Following an especially humiliating case, the celebrated team of Mystery Inc. – Fred, Daphne, Velma, Shaggy, and Scooby-Doo – call it quits. The fivesome go their own ways for two years. That's until each member is separately invited to the same location, a haunting-themed vacation destination called Spooky Island. It seems something mysterious is going down on the island and its owner, Mr. Mondavarious, is hoping the gang can get to the bottom of it. The team immediately recognizes that something strange is going on. There's a doomsday-triggering relic, night-dwelling monsters, a soul-swapping device, and the return of an old enemy.
It might seem odd that James Gunn, still best known as a graduate of Troma Studios at the time, wrote a family-friendly adaptation of a long-running cartoon. Apparently, Gunn's original script was far edgier than the final product, largely aimed at adults who grew up on the cartoon. You can still see elements of this approach in the finished film. Shaggy's widely assumed love of marijuana is referenced in a shot of smoke pluming out of the top of the Mystery Machine, while “Pass the Dutchie” plays on the soundtrack. Later, Shaggy receives a love interest named Mary Jane. The widely loathed Scarppy-Doo, hated by long-time fans but loved by actual kids, is revealed as the final villain. Don Knotts and testicles are referenced. There's in-jokes about Fred's ascot, the gang splitting up, and Velma loosing her glasses. (The implication that Velma is a lesbian didn't make the final cut.) There's also simply absurd jokes that are unlikely to appeal to kids, like an instructional reel for brainwashing that features some overly verbose college students.
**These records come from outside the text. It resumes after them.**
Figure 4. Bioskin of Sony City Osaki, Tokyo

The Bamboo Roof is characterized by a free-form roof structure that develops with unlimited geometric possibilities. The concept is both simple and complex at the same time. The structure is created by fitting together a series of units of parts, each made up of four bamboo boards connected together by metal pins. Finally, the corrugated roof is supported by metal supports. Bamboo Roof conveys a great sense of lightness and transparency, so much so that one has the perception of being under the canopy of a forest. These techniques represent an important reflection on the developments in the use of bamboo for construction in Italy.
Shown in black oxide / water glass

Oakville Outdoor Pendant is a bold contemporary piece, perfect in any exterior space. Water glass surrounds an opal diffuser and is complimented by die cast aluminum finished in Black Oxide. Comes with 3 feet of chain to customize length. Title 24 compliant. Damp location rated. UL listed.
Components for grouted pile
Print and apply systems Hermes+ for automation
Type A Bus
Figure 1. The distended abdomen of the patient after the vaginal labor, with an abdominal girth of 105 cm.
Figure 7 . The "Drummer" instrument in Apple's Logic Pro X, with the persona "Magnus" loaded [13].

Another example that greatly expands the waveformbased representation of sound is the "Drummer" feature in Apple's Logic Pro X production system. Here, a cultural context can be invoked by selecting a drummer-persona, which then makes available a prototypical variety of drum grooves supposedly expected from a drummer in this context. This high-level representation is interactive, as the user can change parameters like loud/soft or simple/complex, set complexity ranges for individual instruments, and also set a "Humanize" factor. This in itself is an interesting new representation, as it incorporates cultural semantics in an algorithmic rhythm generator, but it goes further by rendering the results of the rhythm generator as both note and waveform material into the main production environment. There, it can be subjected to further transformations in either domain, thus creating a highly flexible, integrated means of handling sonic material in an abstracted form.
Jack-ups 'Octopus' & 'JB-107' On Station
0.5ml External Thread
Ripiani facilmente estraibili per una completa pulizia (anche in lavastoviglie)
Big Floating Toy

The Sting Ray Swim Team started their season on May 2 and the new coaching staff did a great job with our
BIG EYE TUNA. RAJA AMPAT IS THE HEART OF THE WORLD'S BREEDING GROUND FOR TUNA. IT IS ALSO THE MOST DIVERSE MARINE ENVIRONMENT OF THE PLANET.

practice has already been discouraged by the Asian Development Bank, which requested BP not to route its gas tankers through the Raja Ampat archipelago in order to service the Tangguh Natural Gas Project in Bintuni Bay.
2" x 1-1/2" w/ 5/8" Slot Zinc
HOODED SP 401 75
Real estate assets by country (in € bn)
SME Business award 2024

During filming, however, Gunn's script was toned way down. In many ways, “Scooby-Doo” is exactly the lame kiddie movie you'd expect it to be. There's plenty of juvenile gross-out humor that the little one will like. There's a long sequence devoted to Shaggy and Scooby-Doo belching and farting at each other, in addition to some urine and green, stinky gas. There's lots of sophomoric physical comedy, such as characters being tossed through windows or a dirt-bag race. At one point, Scobby is sneaked onto a plane by dressing up as an old lady. Later, he gets chased up a tree by another monster. Most regrettable is a scene where Daphne is doing ridiculous karate attacks on a masked wrestler. These kind of hi-jinks are in-keeping with the cartoon's humor but the movie executes them without much energy or grace.
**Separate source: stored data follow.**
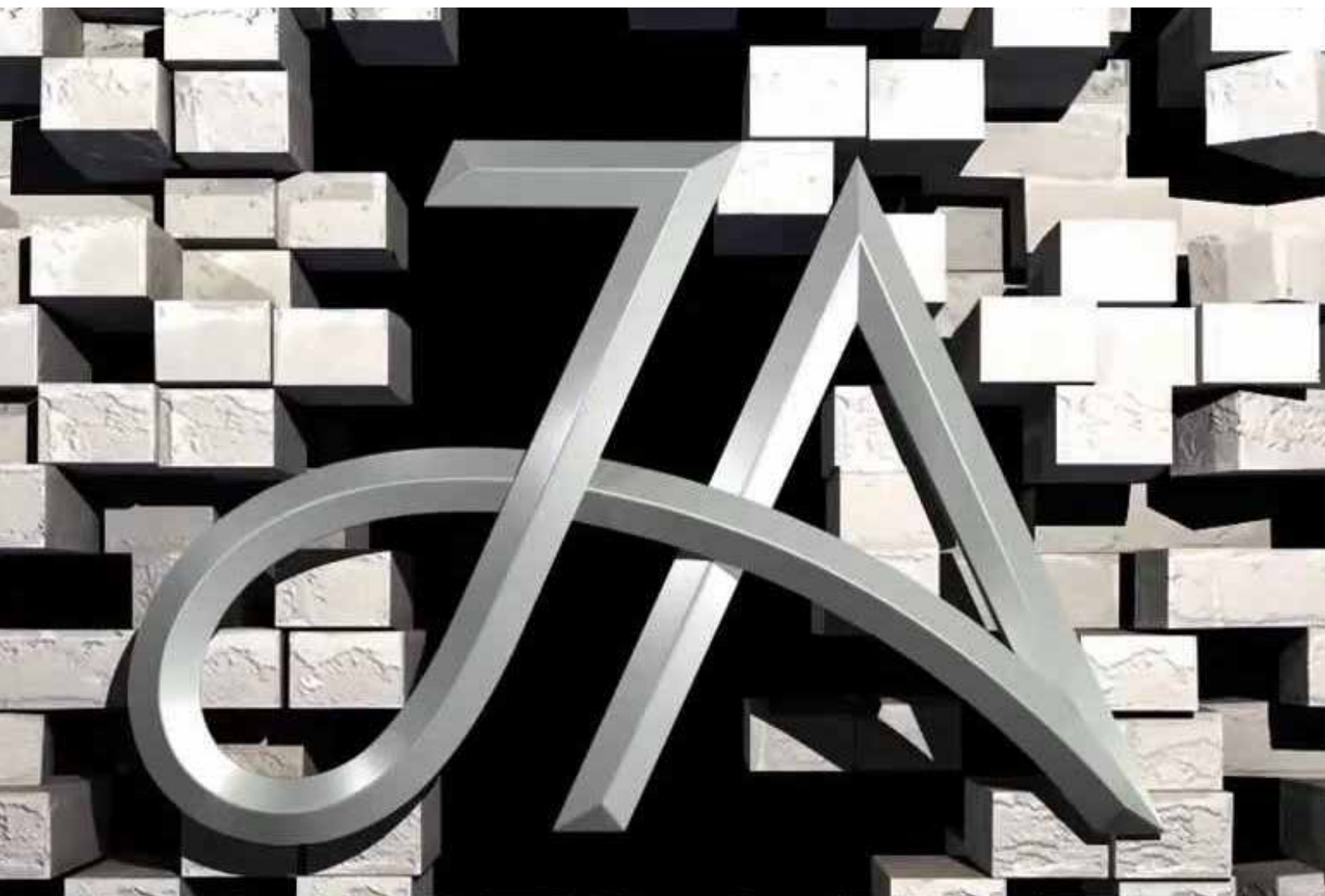
3D Hotel logo by MOF model maker

For its reopening, a hotel group will still be able to see the layout of a reduced object model to display at its entrance hall with the intervention of our “Meilleurs Ouvriers de France” model makers.
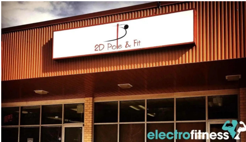
2d fit aka 2d pole fit fort washington
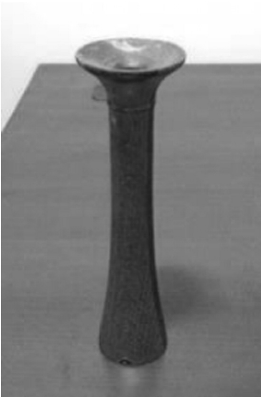
Fig. 1. A Pinard stethoscope.

for CTG monitoring are available, intermittent auscultation may be used for routine intrapartum monitoring in low-risk cases (Table 2). However, approximately half of the panel members believe that continuous CTG should be the option during the second stage of labor, although there is no direct scientific evidence to support this.
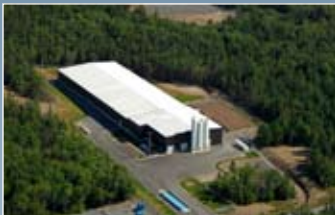
BioSolids Processing Facility, Aerotech Park, 2007
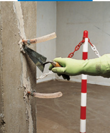
Fixing injection tubes with Adesilex PG1

By 2002, it was widely assumed that CGI effects had advanced to the point where you could convincingly create the titular character of a feature film using them. This, of course, was a mistake. The CGI Scooby-Doo is far from convincing. Though he at least looks close enough to his classic design that he's not super creepy either. Worst yet, the film doesn't stop with Scooby. The antagonists, large demonic entities with rabbit-like ears, are created with effects of similarly debatable quality. This is not the only scene the film was made in 2002. There's frosted tips and exposed midriffs aplenty, as well as exceptionally bizarre cameos from Sugar Ray and Pamela Anderson.
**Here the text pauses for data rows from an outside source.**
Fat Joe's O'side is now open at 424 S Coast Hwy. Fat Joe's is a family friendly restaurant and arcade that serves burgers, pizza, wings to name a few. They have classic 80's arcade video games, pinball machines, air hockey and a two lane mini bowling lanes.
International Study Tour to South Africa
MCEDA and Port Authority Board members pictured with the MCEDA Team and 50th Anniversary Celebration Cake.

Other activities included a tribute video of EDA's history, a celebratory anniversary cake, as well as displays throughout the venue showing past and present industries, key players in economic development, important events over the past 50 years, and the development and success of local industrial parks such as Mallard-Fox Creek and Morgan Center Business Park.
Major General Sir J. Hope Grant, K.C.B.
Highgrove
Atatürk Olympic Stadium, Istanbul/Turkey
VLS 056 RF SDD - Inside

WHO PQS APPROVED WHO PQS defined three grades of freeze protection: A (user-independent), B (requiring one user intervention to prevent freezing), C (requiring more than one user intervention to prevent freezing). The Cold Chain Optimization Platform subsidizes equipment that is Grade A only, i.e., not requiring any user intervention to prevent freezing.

Live-action adaptations of cartoons rarely work out well, simply because the stuff that makes animation appealing rarely translates well to flesh-and-blood. Still, I imagine seeing their beloved characters brought to life on-screen was a thrill for hardcore “Scoopy-Doo” fans. Some of the casting is spot-on. Matthew Lillard is eerily accurate as Shaggy, nailing the voice and the physicality. Linda Cardellini was also a pretty good pick for Velma, bringing a sardonic element to the much-maligned brainy girl. Sadly, this “Scooby-Doo” largely reduced the characters to their broadest versions. This causes Freddie Prince Jr. and Sarah Michelle Gellar to act on their worst tendencies as performers, both characters quickly becoming obnoxious.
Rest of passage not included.